> Activity: Transcribe only the lines in the data below falling between the line with "See Su Xiangfang" and the line with "三菱電機「RXシリーズ」。右", including those two lines, and leave out any picture.

> Input for this task:
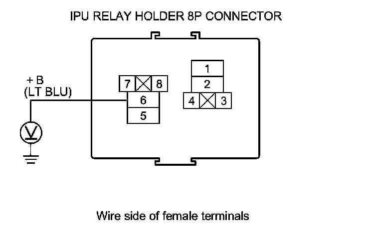 14. Measure the voltage between IPU relay holder (MCM relay 1) 8P connector terminal No. 6 and body ground.
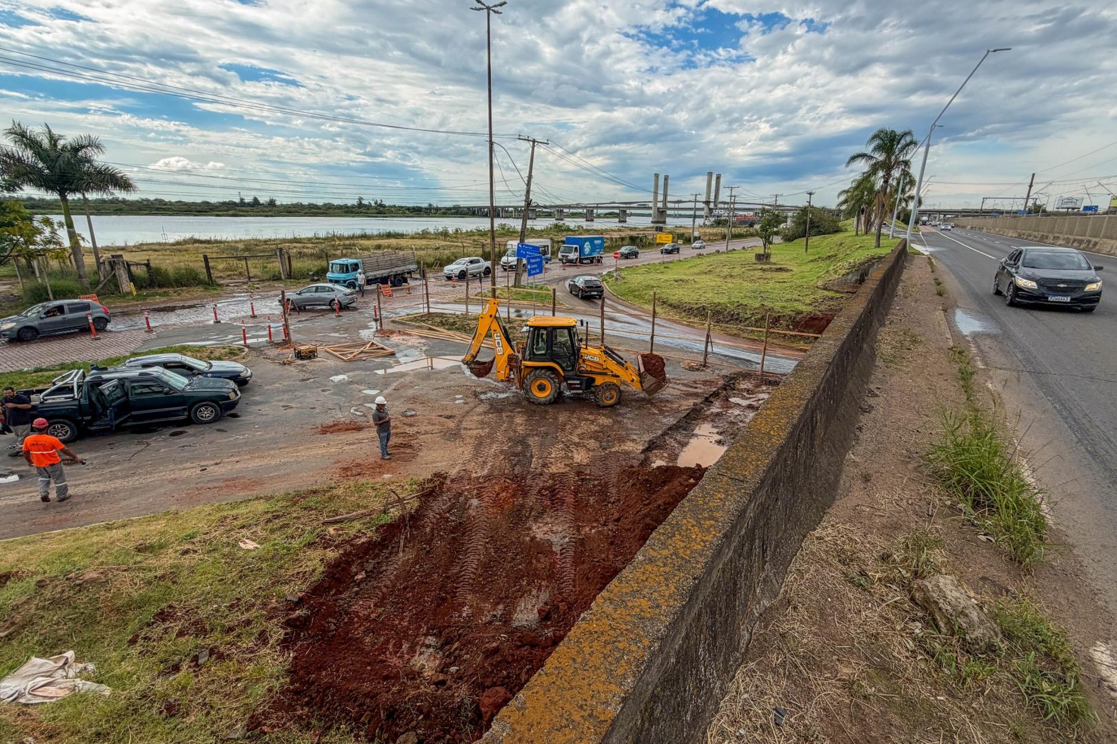 Trabalhos na estrutura altera o trânsito de veículos da região. (Foto: Vinicius Morelli/PMPA)
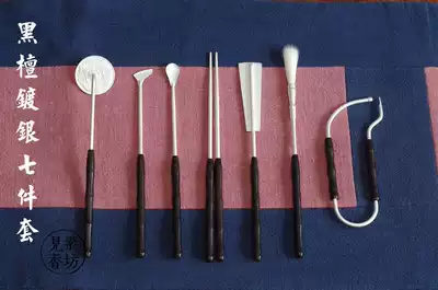 See Su Xiangfang ebony handle silver-plated seven-piece incense fire props empty incense seal incense gift storage bag R703S
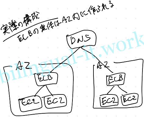- AZ-AとAZ-Bに跨るELBを作成しようとすると、共通で使われるDNSが作成される。ELBの実体はAZ-AとAZ-Bにそれぞれ存在し、ELBを経由するアクセスについては、DNSで名前解決されたELBのIPアドレスによって振り分けられる。
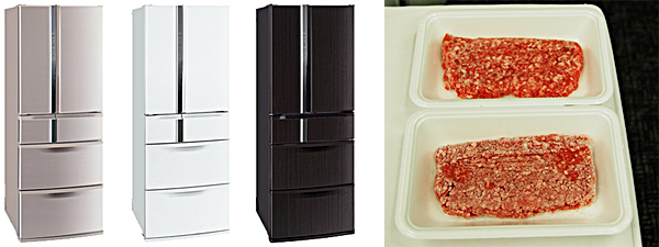 三菱電機「RXシリーズ」。右上の肉は、マイナス7度で冷凍した食材を凍ったまま簡単に包丁で切って解凍せずに調理できる(下は普通に冷凍した肉)
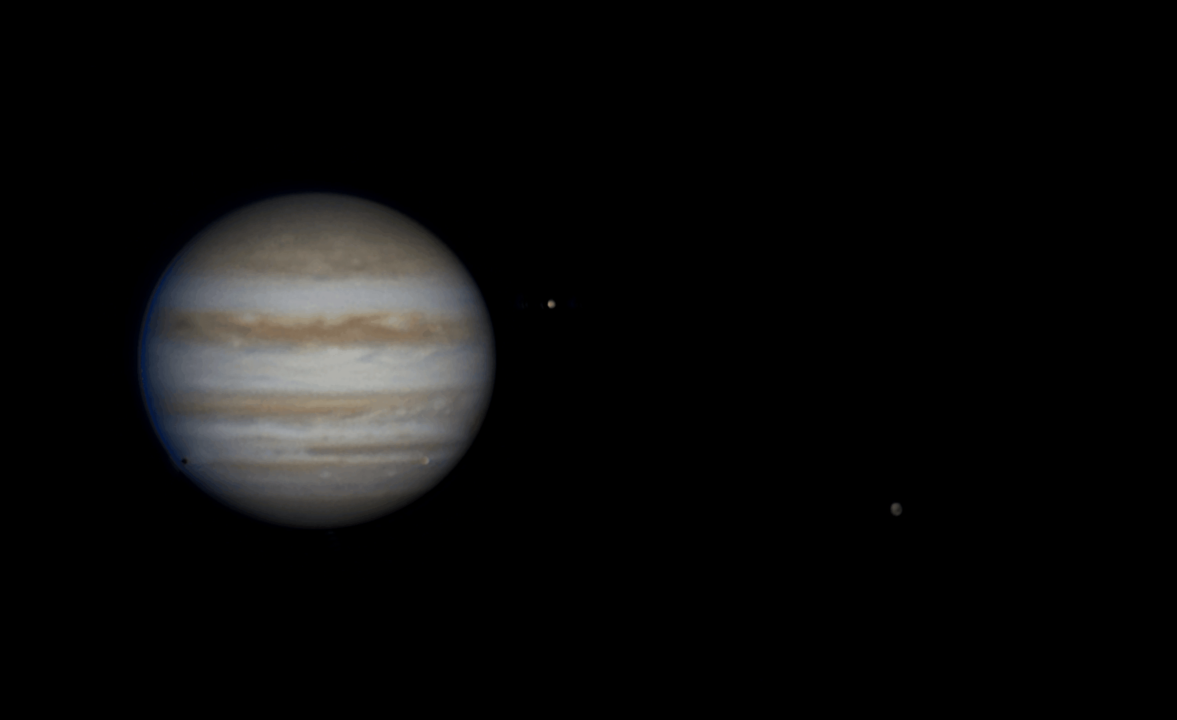 L' animation n'est pas aussi fluide que je l'aurai voulu, mais c'est la difficulté très élevée de réaliser l'alignement des 3 satellites et de l'ombre dans winjupos pour la création d'images intermédiaires qui me l'a finalement imposée. Winjupos est un logiciel extraordinaire, mais je pense en avoir tiré le maximum que je pouvais. Pour finir l'intervalle entre chaque image est en moyenne de 90s , et avec ces difficultés, je n'ai pas pu le diminuer ... D'où l'effet un peu saccadé de l'image et vous m'en voyez désolé ..
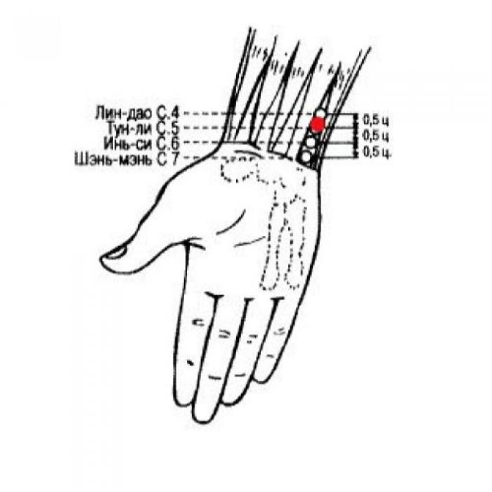 3. Точка Тун-ли С.5 относится к ручному шао-инь каналу сердца, следовательно, ее можно использовать при различных болезнях сердца и расстройствах жизненного духа Шэнь, который хранится в сердце. Точка применяется при боли в области сердца, ощущении сдавленности грудной клетки, упадке сил и сердцебиении, подавленности настроения, сонливости, нежелании разговаривать, маниакальном состоянии, эпилепсии.
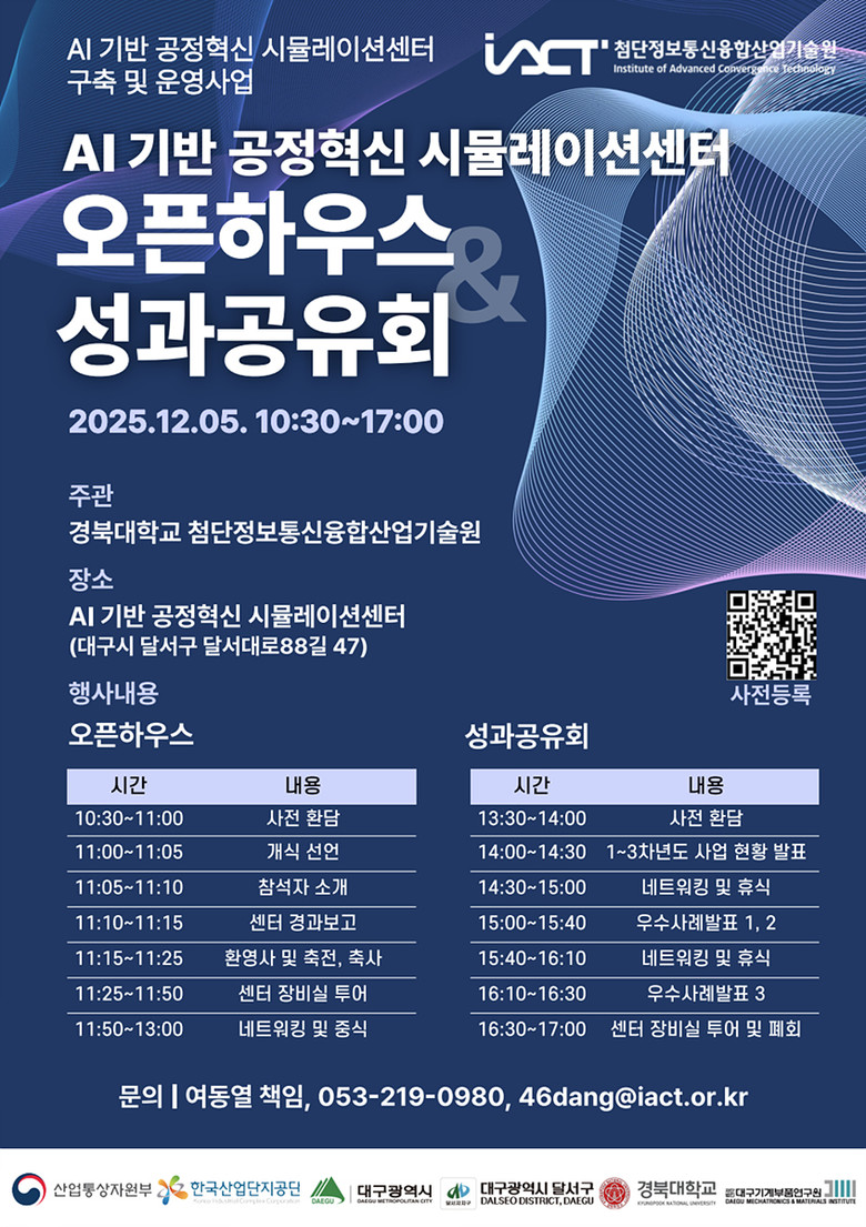 이날 오픈식을 통해 대구시는 센터의 공식 개소를 알리고, 지역 제조업체들을 위한 첨단 시뮬레이션 기반의 공정혁신 지원을 본격적으로 추진한다.
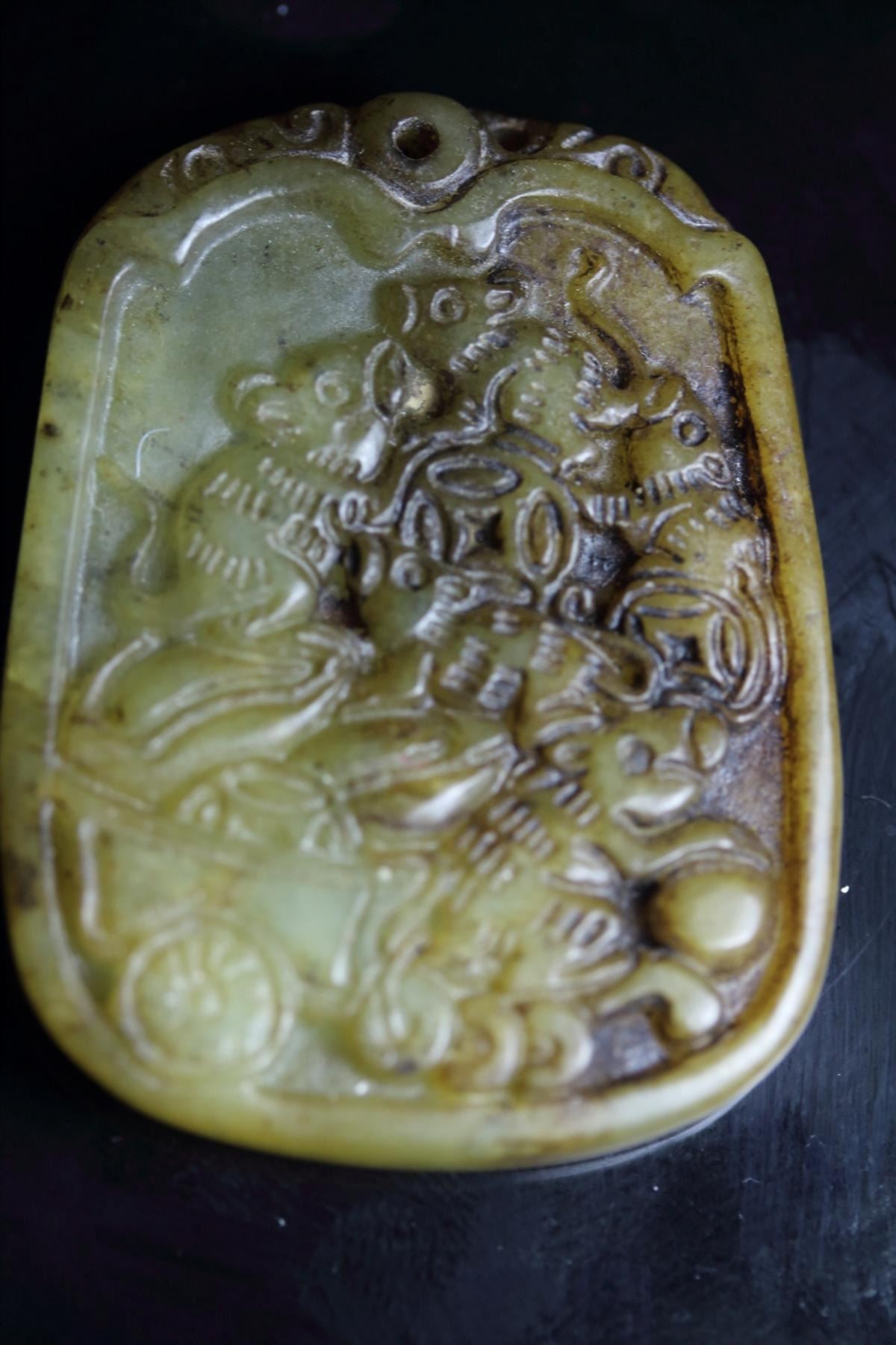 Old Chinese Jade Hand Carved Pendant...rat family stealing treasure.....
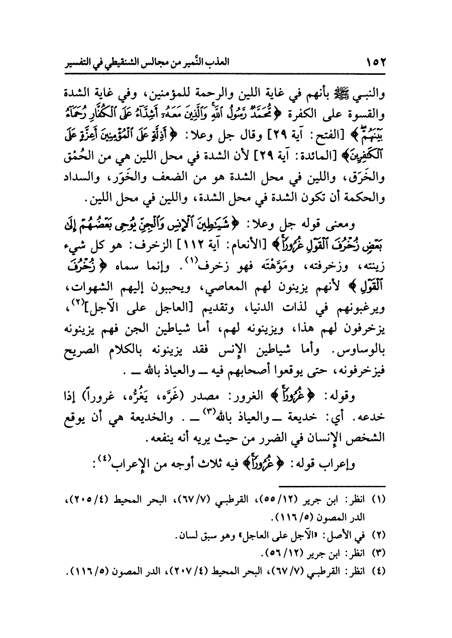 ومعنَى قولِه جل وعلا: {شَيَاطِينَ الإِنسِ وَالْجِنِّ يُوحِي بَعْضُهُمْ إِلَى بَعْضٍ زُخْرُفَ الْقَوْلِ غُرُورًا} [الأنعام: آية ١١٢] الزُّخْرُفُ: هو كُلُّ شيءٍ زَيَّنْتَهُ وَزَخْرَفْتَهُ وَمَوَّهْتَهُ فهو زُخْرُفٌ (¬١). وإنما سَمَّاهُ {زُخْرُفَ الْقَوْلِ}؛ لأنهم يُزَيِّنُونَ لهم المعاصيَ، ويحببونَ إليهم الشهواتِ، ويرغبونهم في لذاتِ الدنيا، وتقديمِ [العاجلِ على الآجلِ] (¬٢)، يزخرفونَ لهم هذا، ويزينونَه لهم، أما شياطينُ الجنِّ فَهُمْ يزينونَه بالوساوسِ. وأما شياطينُ الإنسِ فقد يُزَيِّنُونَهُ بالكلامِ الصريحِ فَيُزَخْرِفُونَهُ، حتى يوقعوا أصحابَهم فيه والعياذُ بالله.
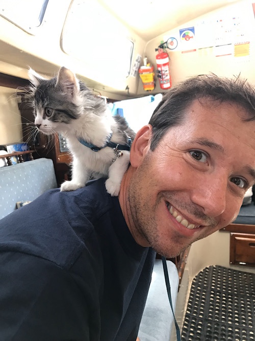 Derrick has a boat. We met up with Amy and her partner, Matt, and Amy’s wee kitten, Macaroni, and headed round to the yacht club to join Derrick (Amy’s dad) on his 32ft sailing boat. He’s had it for a couple of years, and has refitted it with loving care, teaching himself to sail. We headed out into the bay, and Derrick had me and Shona manhandling the boat in the 20 knot winds around the bay for a few hours. It was absolutely brilliant fun. I’m not sure that Macaroni (whose first time at sea was often at 45º angles, as we caught full sail and skimmed along), enjoyed it quite as much, but a ship’s cat she will make, aaaarrr.
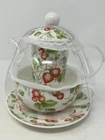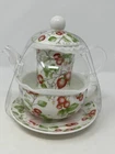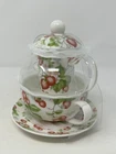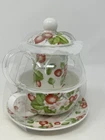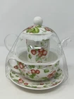 Indulge in a delightful tea drinking experience with the Grace Teaware 5-Piece Tea For One Set. This charming teaware features a round shape, with a beautiful multicolor finish that adds a touch of elegance to your home. The teapot is made of porcelain, and comes with an infuser for steeping loose tea leaves. This 5-piece set includes a teapot, lid, cup, and saucer with handles, all dishwasher safe for easy cleaning and reusable for all occasions. The strawberry-themed teacup adds an extra touch of charm to your tea drinking experience. Enjoy a cup of your favorite tea without worrying about the condition of this brand new set. beautiful set to display on your coffee bar ❤️❤️
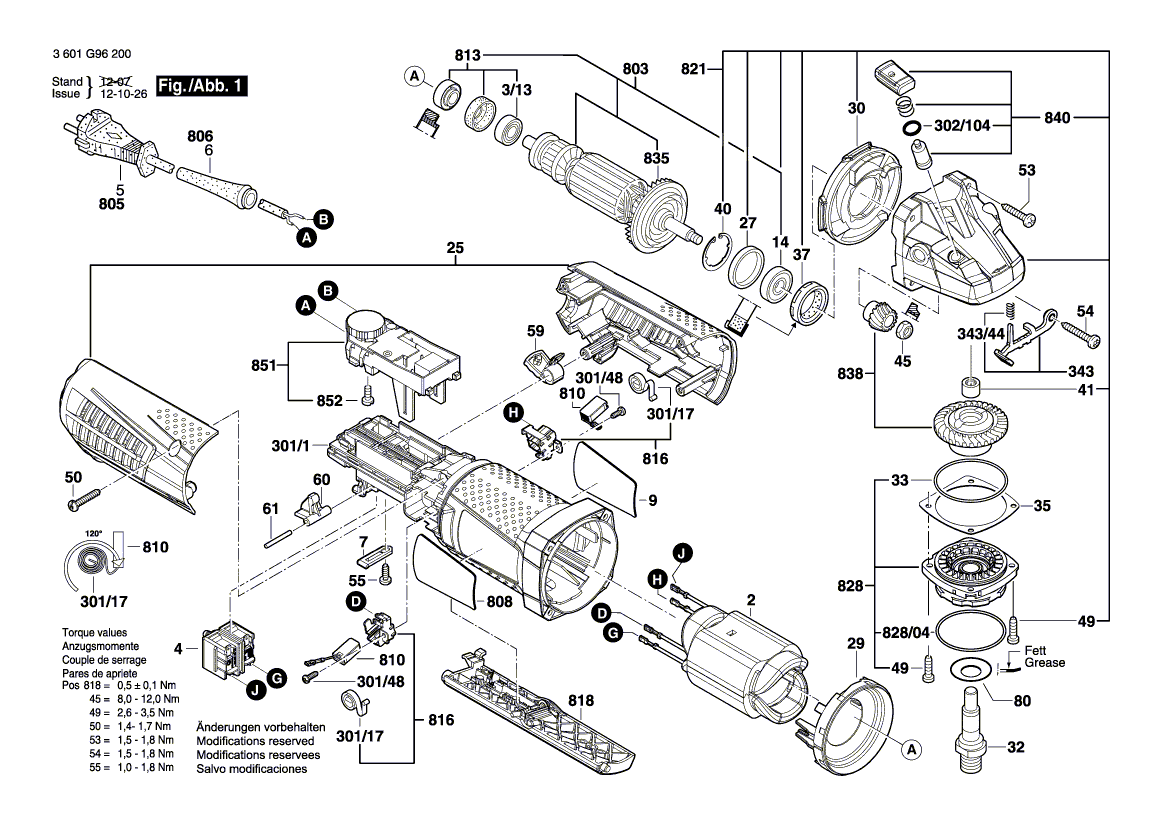 Ersatzteile von Bosch Winkelschleifer GWS 15-125 CIEP (3 601 G96 200):

> Output of the exercise:
 See Su Xiangfang ebony handle silver-plated seven-piece incense fire props empty incense seal incense gift storage bag R703S
- AZ-AとAZ-Bに跨るELBを作成しようとすると、共通で使われるDNSが作成される。ELBの実体はAZ-AとAZ-Bにそれぞれ存在し、ELBを経由するアクセスについては、DNSで名前解決されたELBのIPアドレスによって振り分けられる。
 三菱電機「RXシリーズ」。右上の肉は、マイナス7度で冷凍した食材を凍ったまま簡単に包丁で切って解凍せずに調理できる(下は普通に冷凍した肉)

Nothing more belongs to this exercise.